421 S.E.2d 428, 244 Va. 337, 2 Am. Disabilities Cas. (BNA) 296, 9 Va. Law Rep. 288, 7 I.E.R. Cas. (BNA) 1560, 1992 Va. LEXIS 88, 60 Fair Empl. Prac. Cas. (BNA) 430
CourtSupreme Court of Virginia
DecidedSeptember 18, 1992
DocketRecord 911648
StatusPublished
Cited by42 cases

This text of 421 S.E.2d 428 (Progress Printing Co., Inc. v. Nichols) is published on Counsel Stack Legal Research, covering Supreme Court of Virginia primary law. Counsel Stack provides free access to over 12 million legal documents including statutes, case law, regulations, and constitutions.

Bluebook
Progress Printing Co., Inc. v. Nichols, 421 S.E.2d 428, 244 Va. 337, 2 Am. Disabilities Cas. (BNA) 296, 9 Va. Law Rep. 288, 7 I.E.R. Cas. (BNA) 1560, 1992 Va. LEXIS 88, 60 Fair Empl. Prac. Cas. (BNA) 430 (Va. 1992).

Opinion

JUSTICE LACY

delivered the opinion of the Court.

In this employment termination dispute, the primary issue is whether the employment was at will or subject to an employment contract which prohibited termination without just cause and required a written warning prior to termination.

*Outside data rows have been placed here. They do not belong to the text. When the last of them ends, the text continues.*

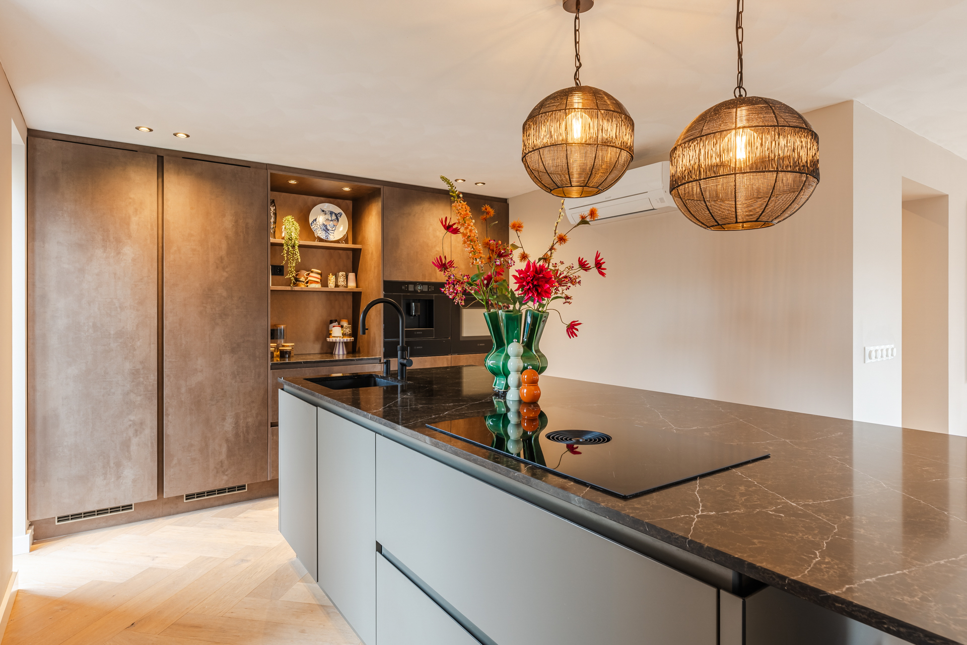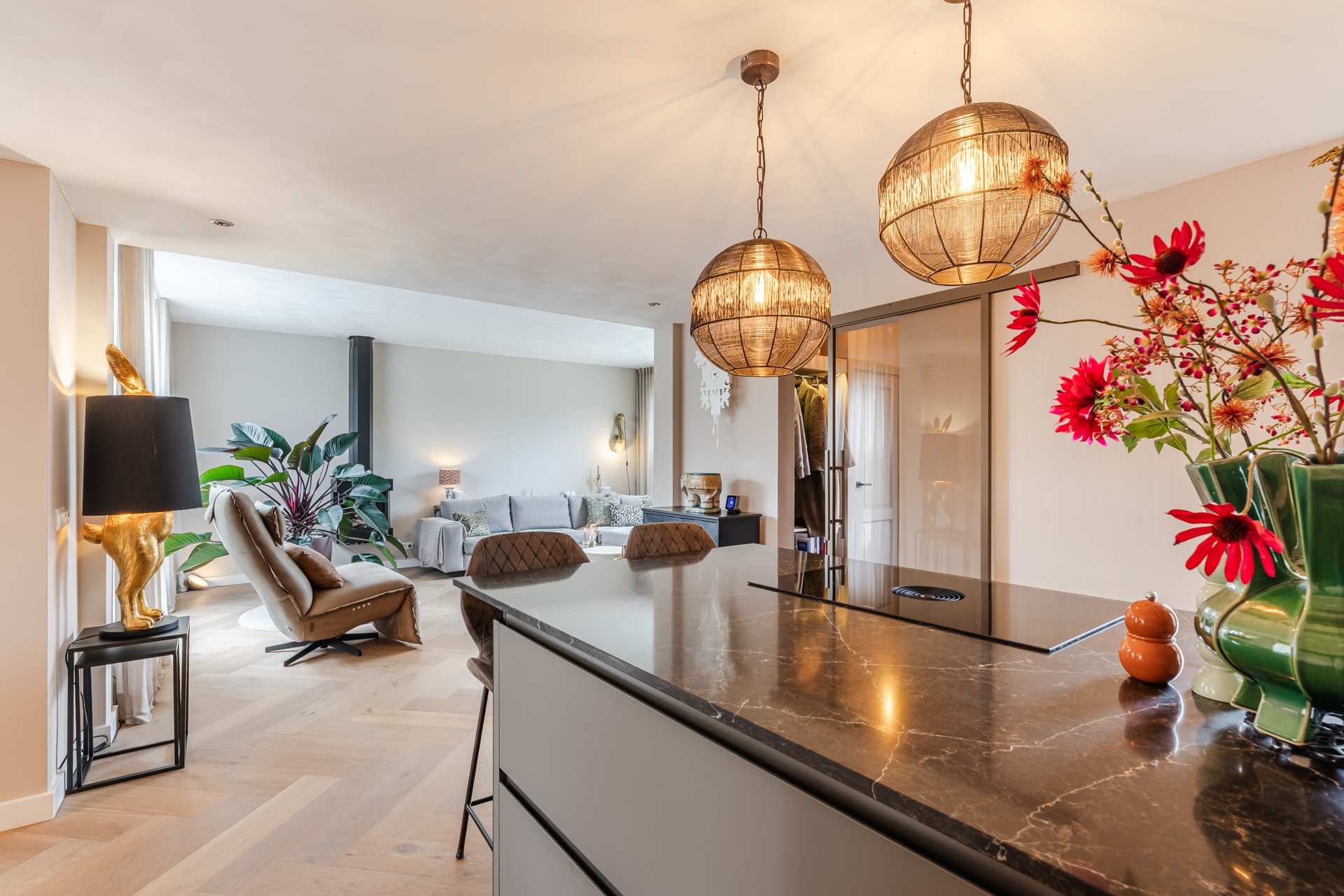 Via de prachtige messing schuifdeur met bronsglas loop je de sfeervolle woonkamer in met gashaard en schuifpui naar het terras. De luxe open keuken in de aanbouw (2020) is een ware eyecatcher: voorzien van een kookeiland met barkrukken en topapparatuur zoals een inductiekookplaat met geïntegreerde afzuiging, quooker, combi-oven, koelkast, vriezer, vaatwasser en inbouw koffieapparaat.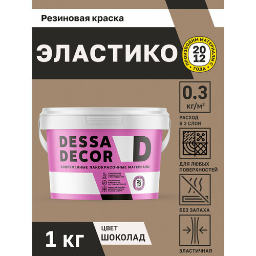 Краска резиновая трещиностойкая DESSA DECOR Эластик 1 кг, цвет коричневый / шоколад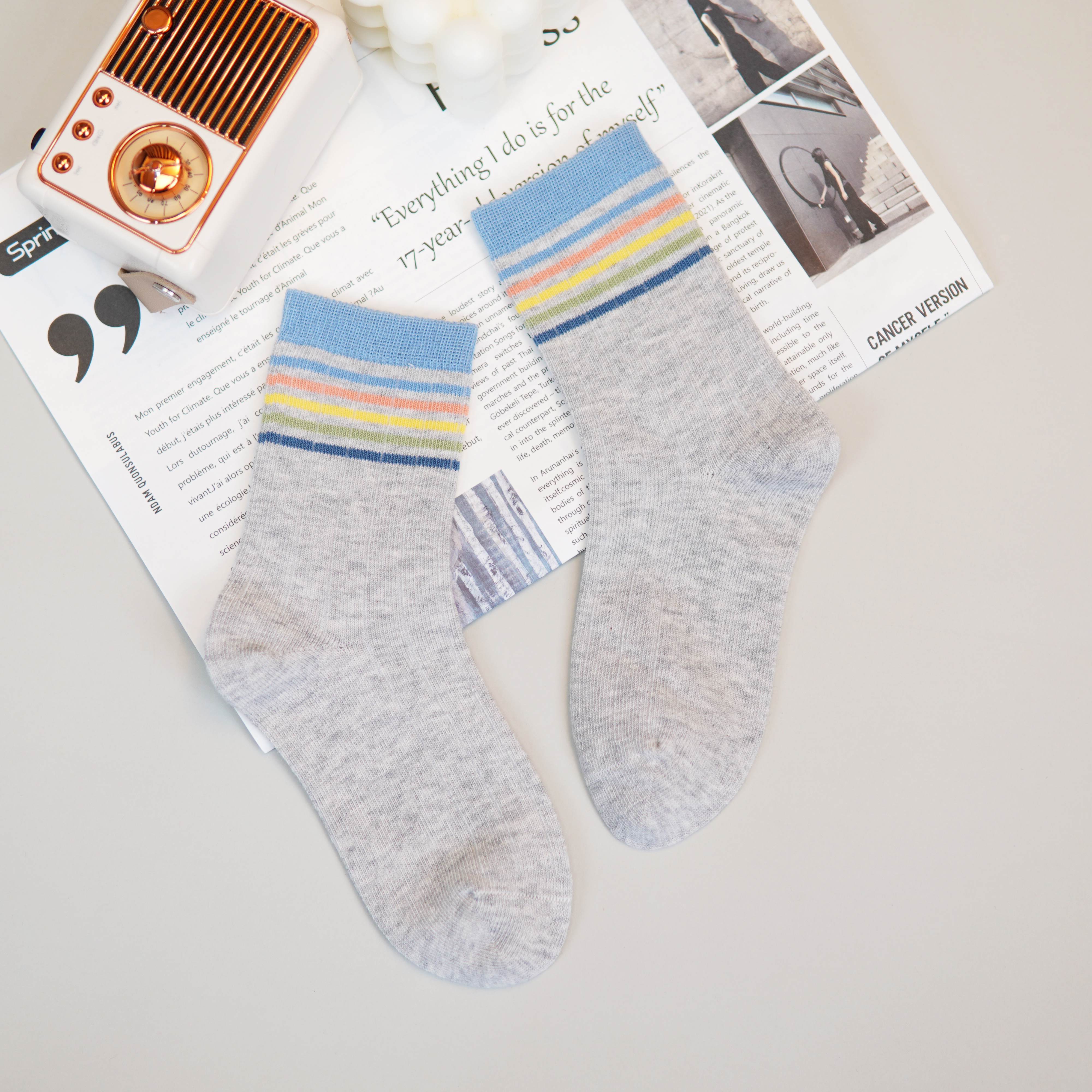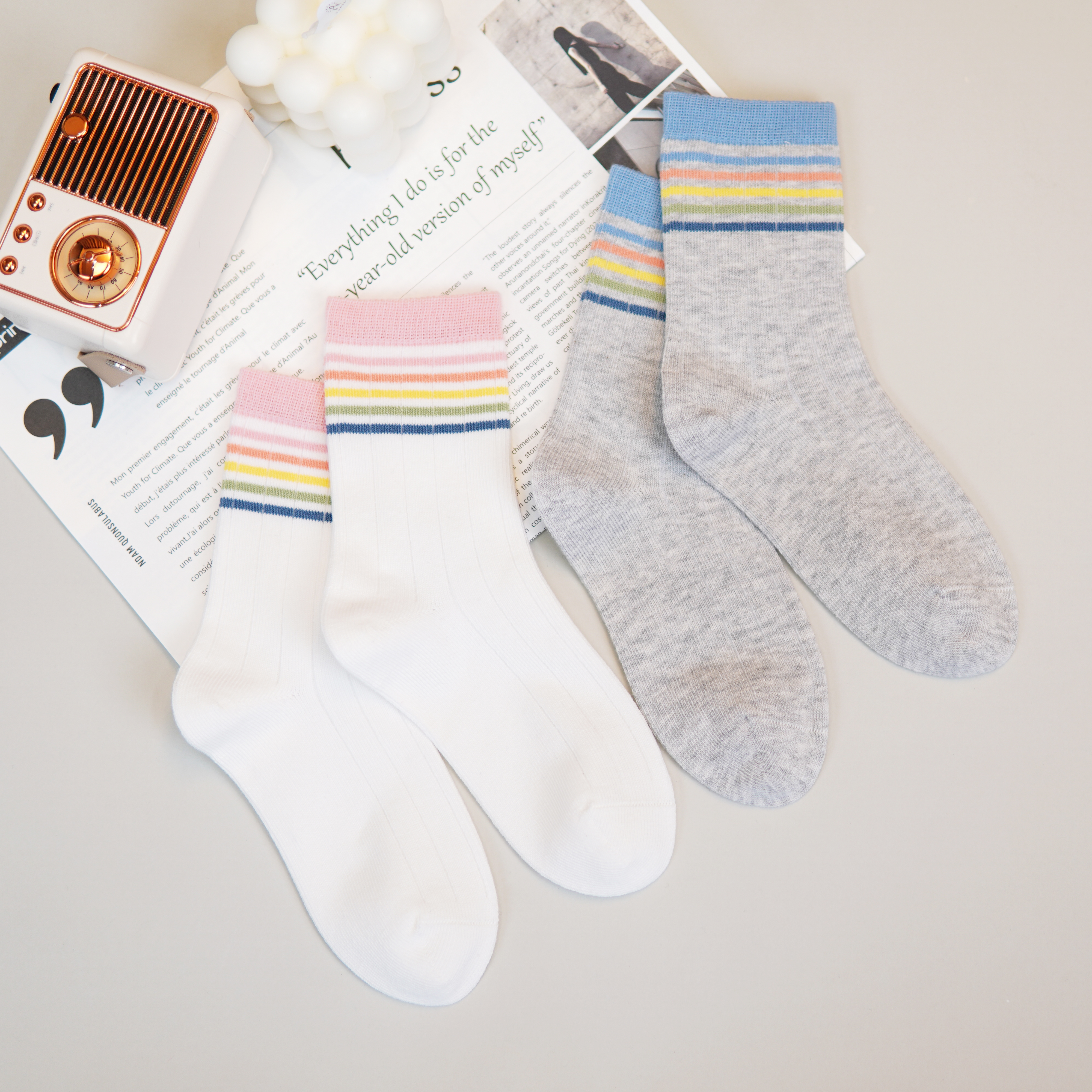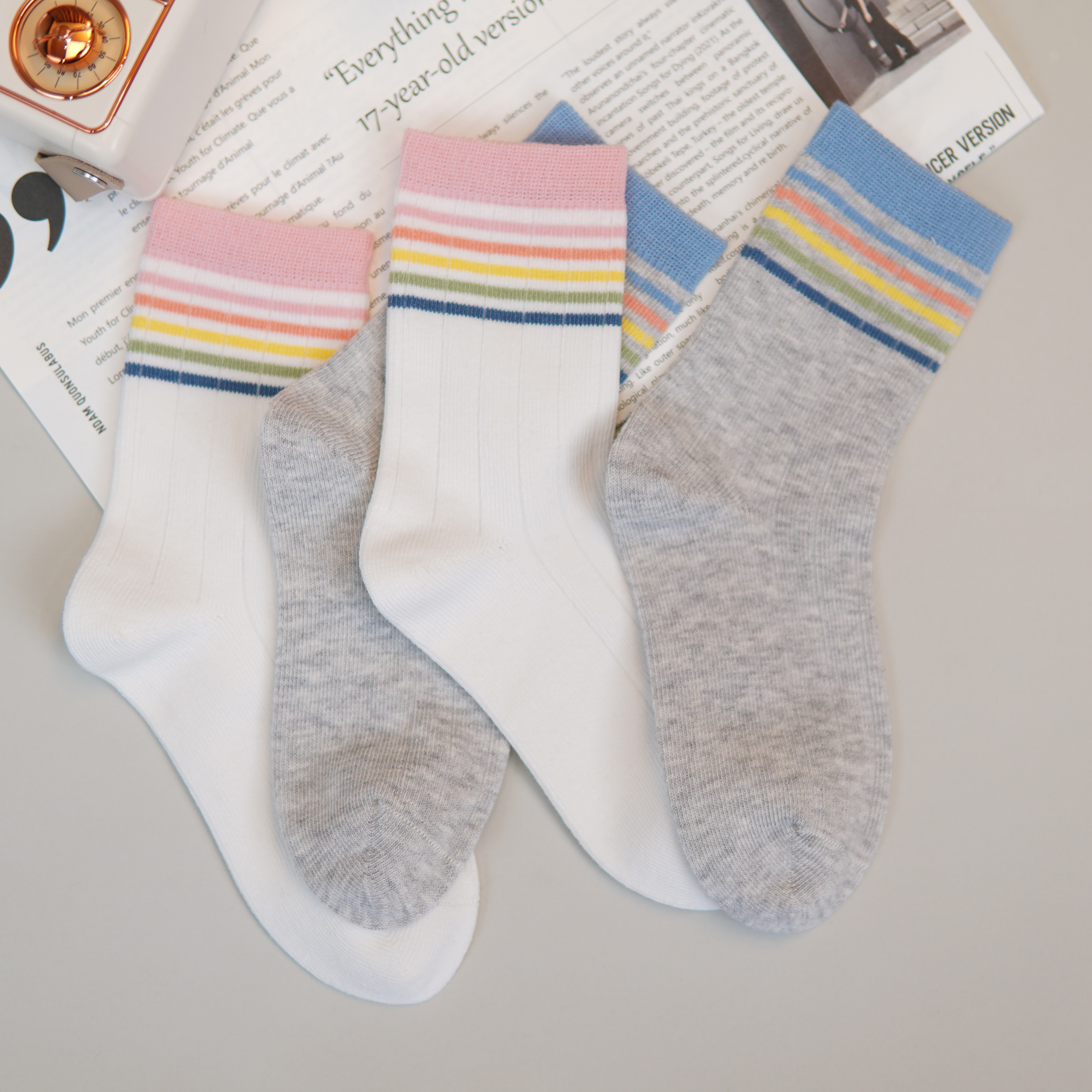 童【6双6折 2双装】丨彩虹袜儿童四季棉袜中筒袜双针条纹运动风袜子5-7岁【2423206】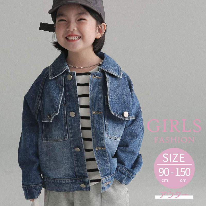 デニム アウター 春 秋 子供服 女の子 ボタン 前開き トップス 長袖 かわいい キッズ服 ジュニア 通園 通学 保育園 小学生 お出かけ ブルー 90cm 100cm 110cm 120cm 13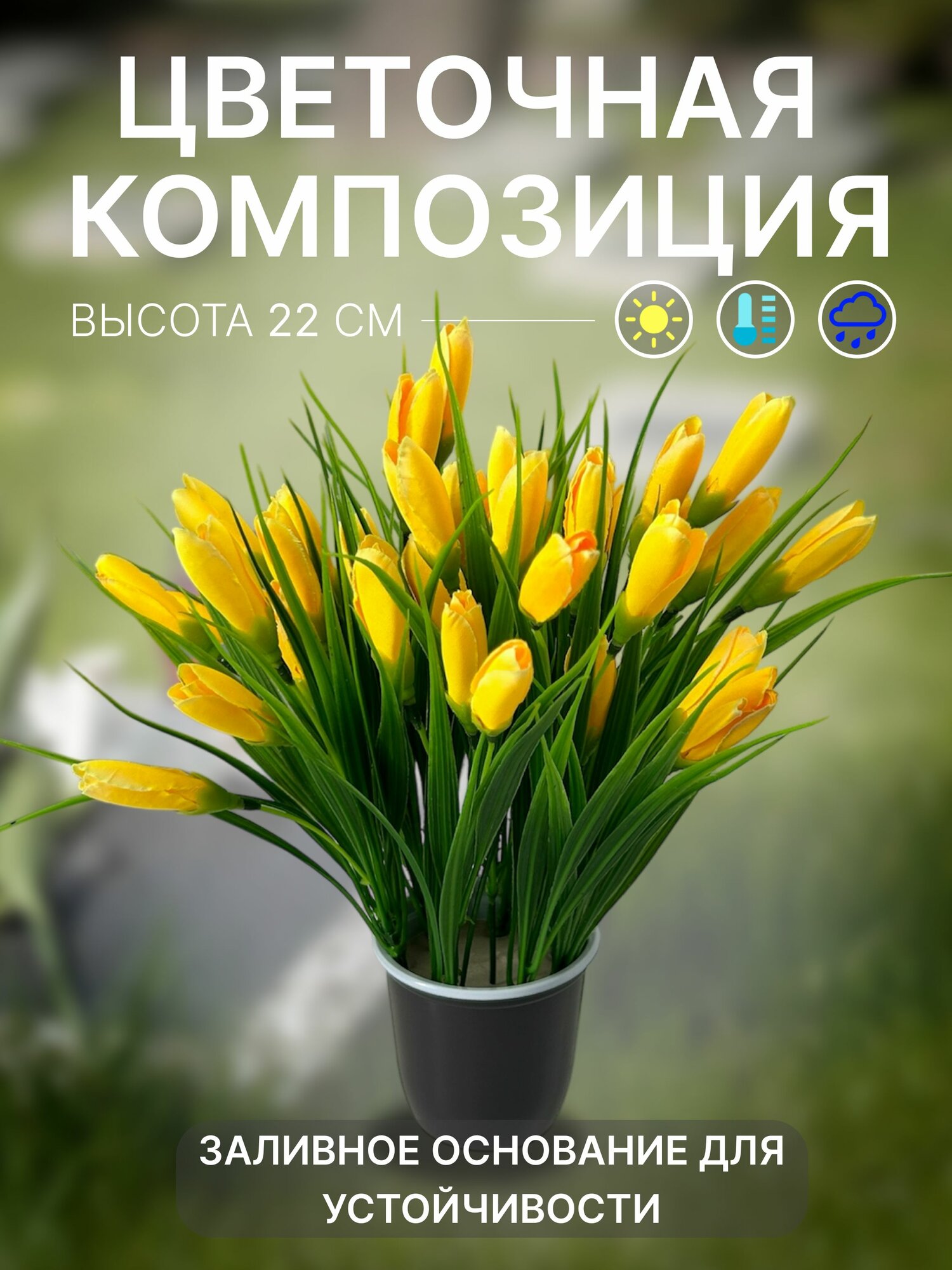 Искусственные цветы в горшке желтые / цветочная поляна для кладбища и декора, 22 см интересное: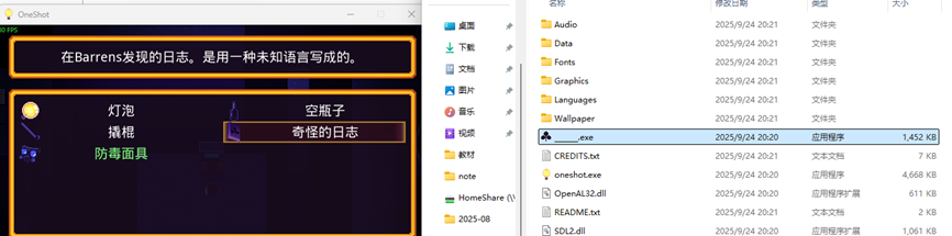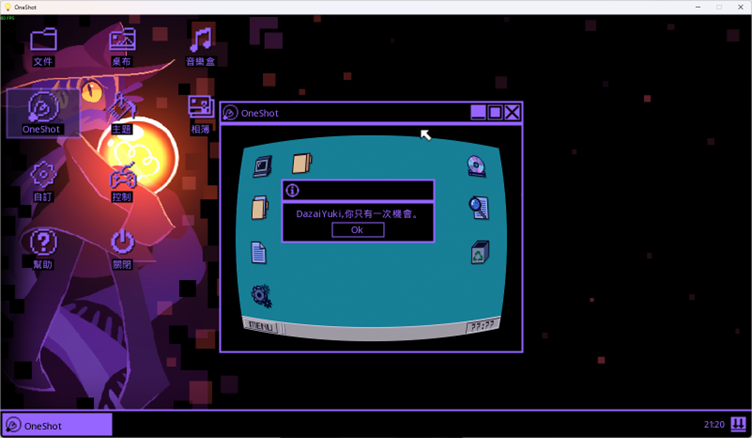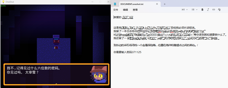 然而,真正让《OneShot》与众不同的是其外层——一系列突破第四面墙的元谜题。游戏会主动引导玩家跳出游戏窗口,在自己的计算机操作系统层面寻找解谜线索。例如,一个谜题的密码可能隐藏在游戏安装目录下的某个文本文档中;另一个谜题则可能需要玩家更改自己的桌面壁纸来获得提示 。为了促成这种独特的交互,游戏建议玩家使用窗口模式运行,和我们大部分游戏追求的“全屏游戏”的沉浸体验不同,这本身就是一种对传统“沉浸式”游戏体验的颠覆,它的这一表达方式也和其他的元叙事游戏有截然不同的体验流程。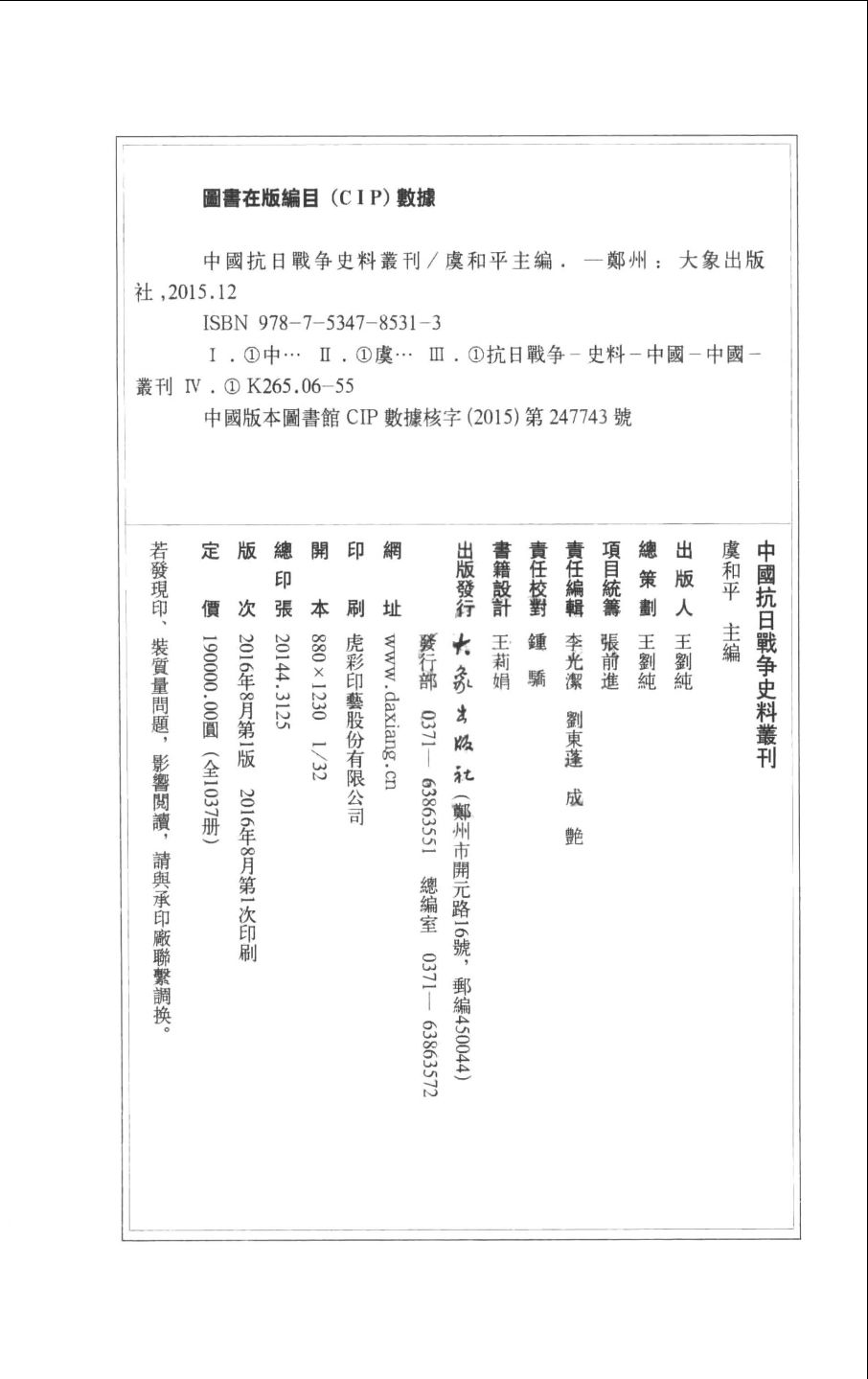本丛刊是一部全面反映中国人民反抗日本帝国主义侵略战争的大型历史文献丛刊,所收集文献种类之多,涉及范围之广,超过以往任何同类文献丛刊,为抗日战争史研究汇集和开发了众多的史料。辑入的文献以全国各大图书馆所收藏的1931—1945年间国内出版的中文书籍为主,其中海外图书馆馆藏者1000余种,兼及部分此年限之外的与抗日战争密切相关的文献史料。所辑文献资料凡4400余种,约65万页,分卷为1037册,是迄今为止国内外出版的有关中国抗日战争的规模最大、品种最全的历史文献资料库。

On January 20, 1987, William H. Nichols began to work as a pressman for Progress Printing Company, Inc. The personnel director provided Nichols with a copy of the company’s Employees’ Handbook. The Handbook section entitled “Discipline and Discharge’ ’ stated that the company would not discharge or suspend an employee “without just cause and shall give at least one warning notice ... in writing” except under certain circumstances. On February 2, 1987, the personnel director gave Nichols a form which stated that the employment relationship between Progress Printing and Nichols was ‘ ‘at will and may be terminated by either party at any time" (emphasis in original). Nichols and the personnel director both signed the form.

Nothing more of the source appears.